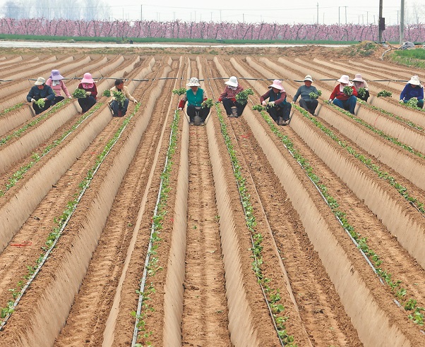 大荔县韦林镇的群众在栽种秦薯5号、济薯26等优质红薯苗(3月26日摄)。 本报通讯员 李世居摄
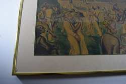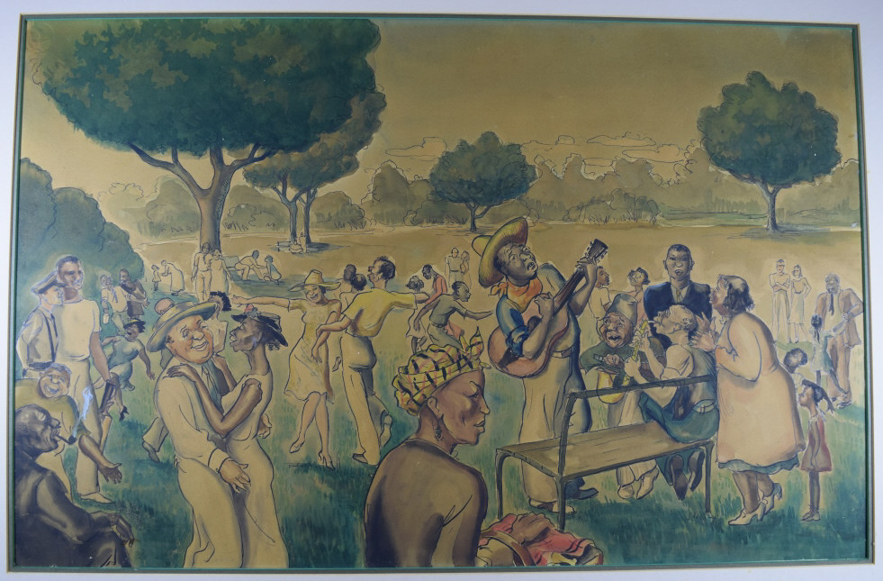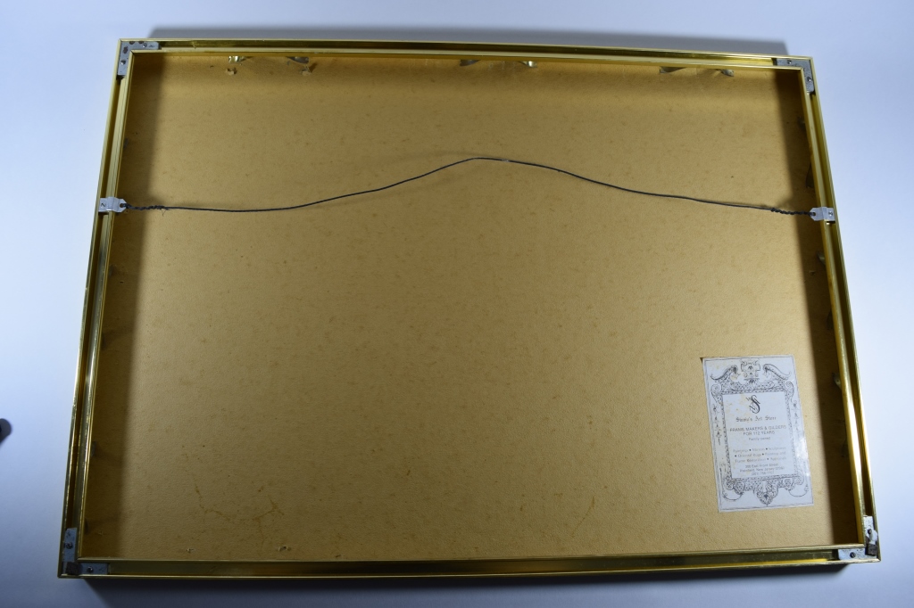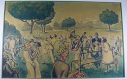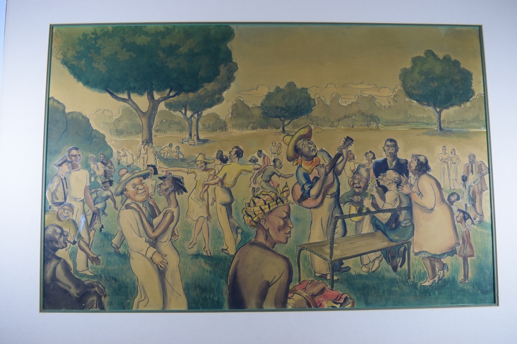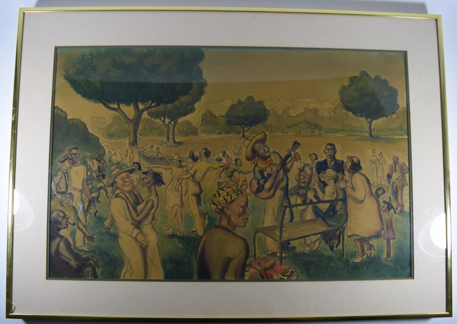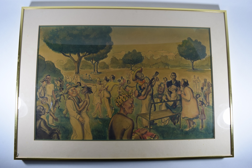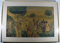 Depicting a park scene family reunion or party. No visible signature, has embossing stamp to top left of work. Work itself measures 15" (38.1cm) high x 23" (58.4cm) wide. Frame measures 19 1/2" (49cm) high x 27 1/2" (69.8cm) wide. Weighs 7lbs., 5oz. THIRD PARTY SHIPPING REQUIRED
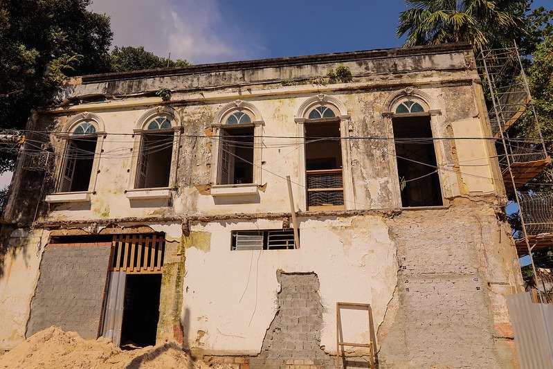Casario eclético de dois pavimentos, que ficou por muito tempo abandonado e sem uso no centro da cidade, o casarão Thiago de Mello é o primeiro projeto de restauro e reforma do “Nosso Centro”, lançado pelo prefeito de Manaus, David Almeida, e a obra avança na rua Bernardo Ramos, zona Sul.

**Directions:**
The response should hold only an exact retyping of the lines from the beginning of the data through the line containing "Depicting a park", both ends kept, pictures omitted.

**Written response:**
 大荔县韦林镇的群众在栽种秦薯5号、济薯26等优质红薯苗(3月26日摄)。 本报通讯员 李世居摄
 Depicting a park scene family reunion or party. No visible signature, has embossing stamp to top left of work. Work itself measures 15" (38.1cm) high x 23" (58.4cm) wide. Frame measures 19 1/2" (49cm) high x 27 1/2" (69.8cm) wide. Weighs 7lbs., 5oz. THIRD PARTY SHIPPING REQUIRED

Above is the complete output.